Я медлю, продолжая перебирать картинки моего детства. Казалось, призраки прошлого обступили меня плотным кольцом и водят вокруг хоровод. Прежние дни окутаны пряным, непередаваемым ароматом. Начав свою прогулку с Глендейла, я незаметно оказался возле нашего бывшего дома. Трудно не заглянуть в родовое гнездо. Хотя я был далек от мысли наведаться к родне, до сих пор там обитавшей. Я немного постоял на противоположной стороне улицы: захотелось взглянуть на окна третьего этажа, где мы когда-то жили, воскресить образ мира, окружавшего меня в пять лет. Вот оно, это окно, обрамляющее поток моих воспоминаний; оно уйдет в вечность вместе со мной. Внутри что-то всколыхнулось, и мысли потекли в другом направлении. Я вспомнил свою панику и ужас, когда мать впервые заставила меня мыть окна. Я вжался в подоконник, осторожно выглянув вниз: от земли меня отделяло три этажа – головокружительная высота для ребенка; я будто прирос к спасительной поверхности, дабы ненароком не выпасть из этой жизни. Окно давило на колени свинцовым грузом. Внутри – ничего, кроме одуряющей боязни слететь с подоконника. Мать утверждала, что окно чем-то заляпано и это что-то необходимо смыть. (Когда я вырос, она любила рассказывать мне о том, какой я был послушный и как любил мыть окна. Или вешать белье. Как я любил это, как я любил то… Что за ложь! Проклятье!)

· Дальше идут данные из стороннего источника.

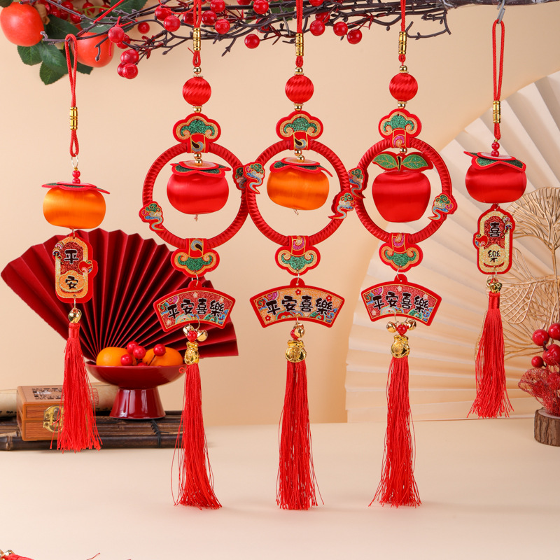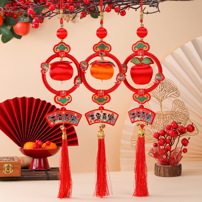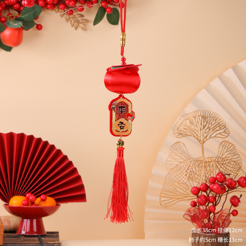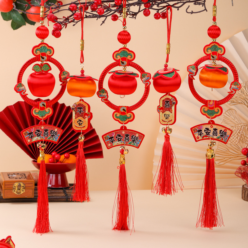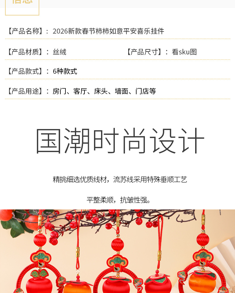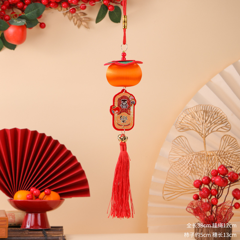 2026新款春节柿柿如意平安喜乐小挂件柿子马年串丝线小灯笼挂饰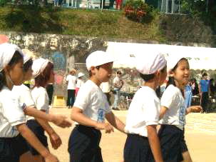 ぼくは、青組です。クラスのみんなと入場行進です。
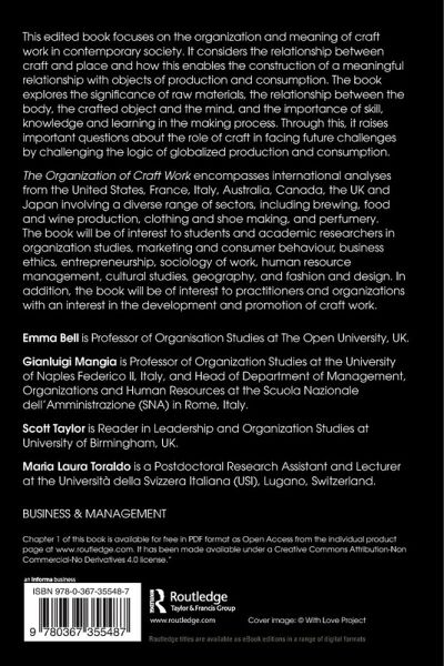 The Organization of Craft Work encompasses international analyses from the United States, France, Italy, Australia, Canada, the UK and Japan involving a diverse range of sectors, including brewing, food and wine production, clothing and shoe making, and perfumery. The book will be of interest to students and academic researchers in organization studies, marketing and consumer behaviour, business ethics, entrepreneurship, sociology of work, human resource management, cultural studies, geography, and fashion and design. In addition, the book will be of interest to practitioners and organizations with an interest in the development and promotion of craft work.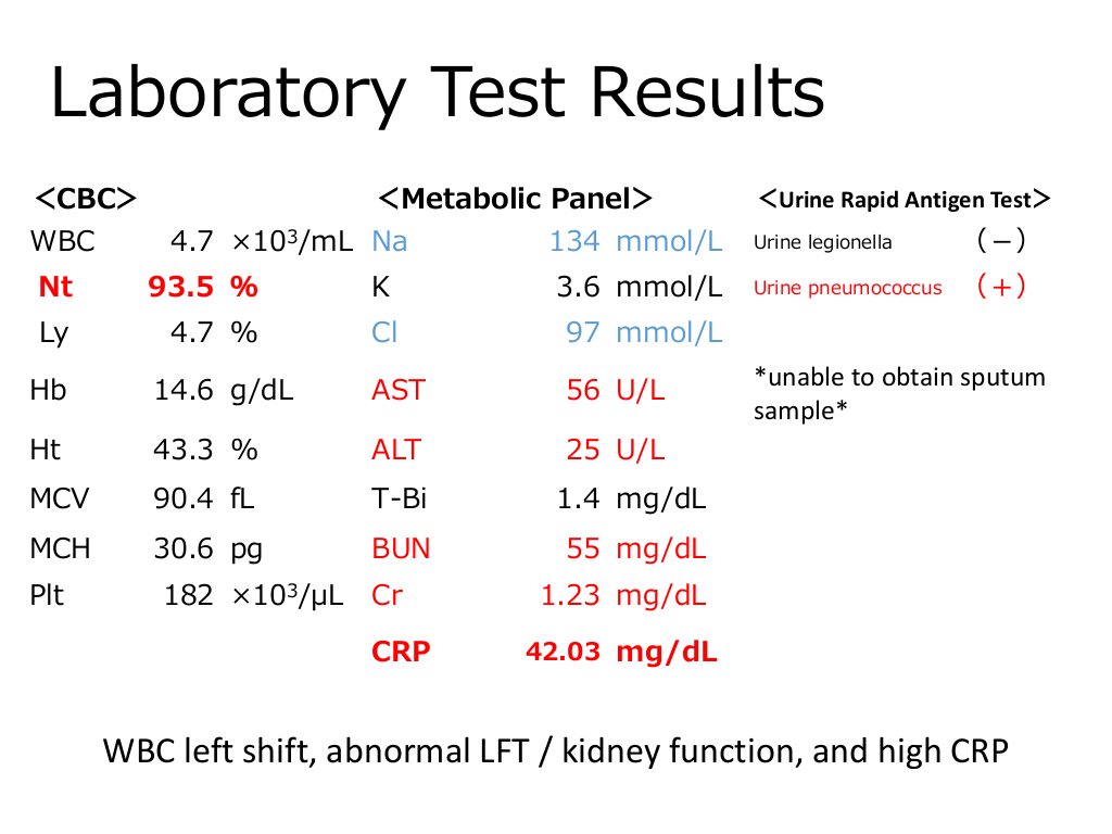 #5. Laboratory Test Results <CBC> WBC <Metabolic Panel> 4.7 ×103/mL Na 134 mmol/L Nt 93.5 % K 3.6 mmol/L Ly 4.7 % Cl 97 mmol/L Hb 14.6 g/dL AST 56 U/L Ht 43.3 % ALT 25 U/L MCV 90.4 fL T-Bi 1.4 mg/dL MCH 30.6 pg BUN 55 mg/dL Plt 182 ×103/μL Cr CRP <Urine Rapid Antigen Test> Urine legionella (-) Urine pneumococcus (+) *unable to obtain sputum sample* 1.23 mg/dL 42.03 mg/dL WBC left shift, abnormal LFT / kidney function, and high CRP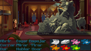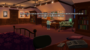 Y siguiendo con lo clásico, si eres un poco mayorcito -por no decir viejuno- y te gusta el género, bastará un simple vistazo a las capturas que acompañan este artículo para ver claramente de donde viene su aspecto gráfico. El parecido estético con Maniac Mansion es más que evidente: muñecos cabezones, cuerpos pequeños, pantalla partida con un menú de acciones… Eso sí, los nuevos tiempos se dejan notar con un uso del color infinitamente más generoso, un montón de animaciones adicionales, y un desplazamiento de pantalla con varios planos de scroll que en la época hubiese sido poco menos que una fantasía. Se siento añejo y al mismo tiempo bonito de ver. La aventura está acompañada en todo momento de una banda sonora estupenda, y voces en inglés con sus correspondientes subtítulos en castellano, rótulos incluidos, lo que es un detalle tratándose de un producto con orígenes kickstarter.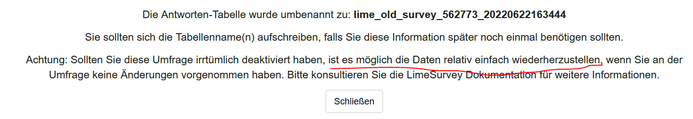 Das wäre super, wie geht das? Wenn ich bei der Umfrage auf "Diese Umfrage stoppen" klicke, kann ich entweder A) "Umfrage zeitlich beenden" oderICH hätte die Umfrage einfach kurz deaktiviert, die beiden Fragen hineingeklimpert, und wieder aktiviert. Dabei kannst Du ja die "alten" Daten importieren.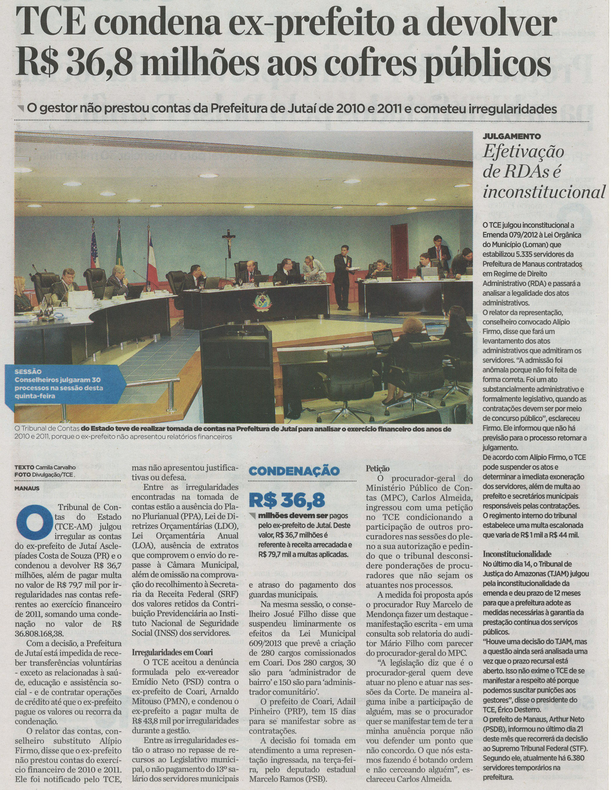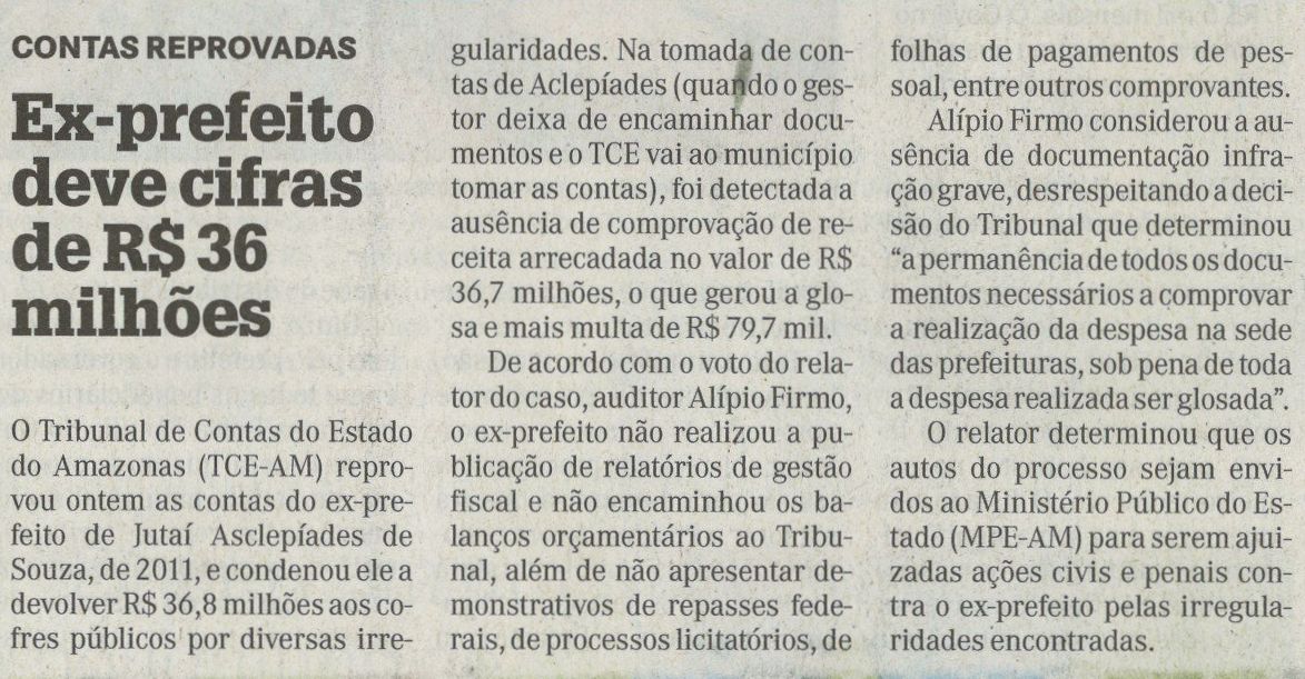 TCE condena ex-prefeito a devolver R$ 36,8 milhões aos cofres públicos |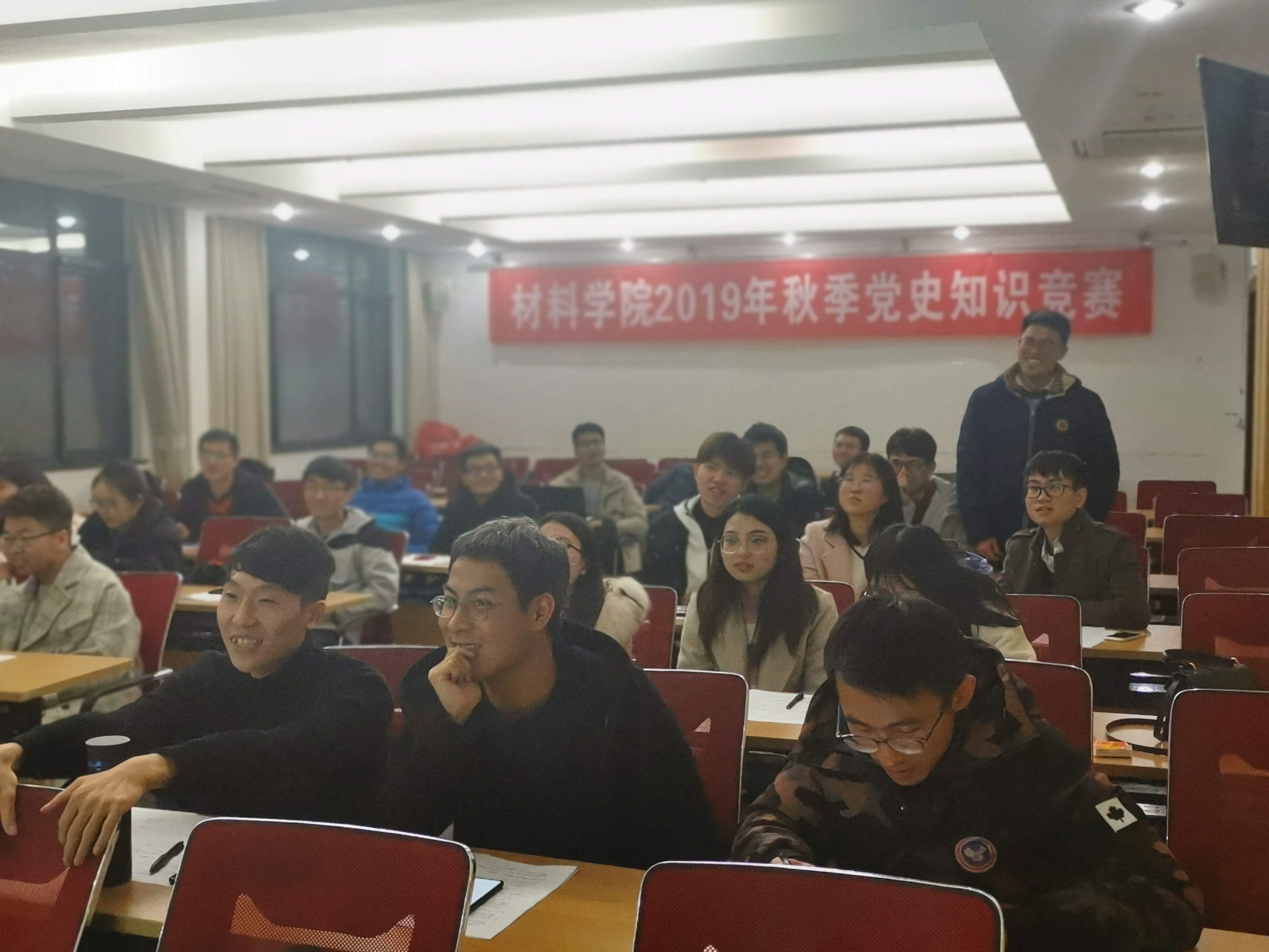 在先进制造大楼西楼A308开展了研究生2019年秋季党史知识竞赛活动,此次活动的开展旨在为研究生普及党史知识,增强研究生对中国共产党的了解。本次活动有八支队伍入围,每支队伍3人,其中有研究生党员,也有入党积极分子,大家热情高涨地投入到此次活动中。澳彩

Углубившись в мальчишеские переживания, задаюсь вопросом: а не был ли я избалованным неженкой? Меня одевали гораздо лучше, чем остальных сверстников. Я был хорошо воспитан, смышлен, вбирал все как губка, быстро соображал. Я выигрывал все призы, срывал все аплодисменты. Глядя на такое способное чадо, родители рано уверовали, что я не особенно нуждаюсь в их опеке, потому им и в голову не приходило оглянуться по сторонам, а оглянувшись, ужаснуться атмосфере греха и порока, в которых по уши погрязли ровесники их сына. Даже слепая любовь уже была не в силах затмить в материнских глазах преступные наклонности, пустившие ростки в малютке Джонни Ладлоу. Беспечнейшая из матерей не могла не заметить, что крошка Альфи Бетч – уже вполне состоявшийся головорез. Не странно ли, что краса и гордость воскресной школы, каковой был, разумеется, я, неизменно избирал себе в наперсники самых отъявленных хулиганов в округе? Трудно сказать, сознавала ли это моя мать. Я был похож на дрессированную маленькую обезьянку, с одинаковой легкостью барабанившую и катехизис, и отборную брань, которой мог бы позавидовать отпетый уголовник. Мы постоянно отирались вокруг мальчишек постарше, жадно перенимая у них словечки попохабней и позабористей. Разница в возрасте была невелика: нам – семь-восемь, им – двенадцать-тринадцать, и когда они замечали наш повышенный интерес, то начинали молоть все подряд без разбору. Такие перлы, как «шлюха», «сука», «мудак», «ублюдок», не сходили у них с языка. Когда мы, желторотые, принимались старательно это повторять, они весело гоготали. Как-то раз, обогатив таким образом свой словарный запас, я подошел к какой-то девчонке лет пятнадцати и стал поносить ее на чем свет стоит. Когда она ухватила меня за грудки, я уже впал в такой раж, что дал бы три очка форы солдату, получившему увольнительную и пустившемуся в загул. Кажется, я даже ударил ее. Попал по руке и коленке. От обиды и унижения она была вне себя.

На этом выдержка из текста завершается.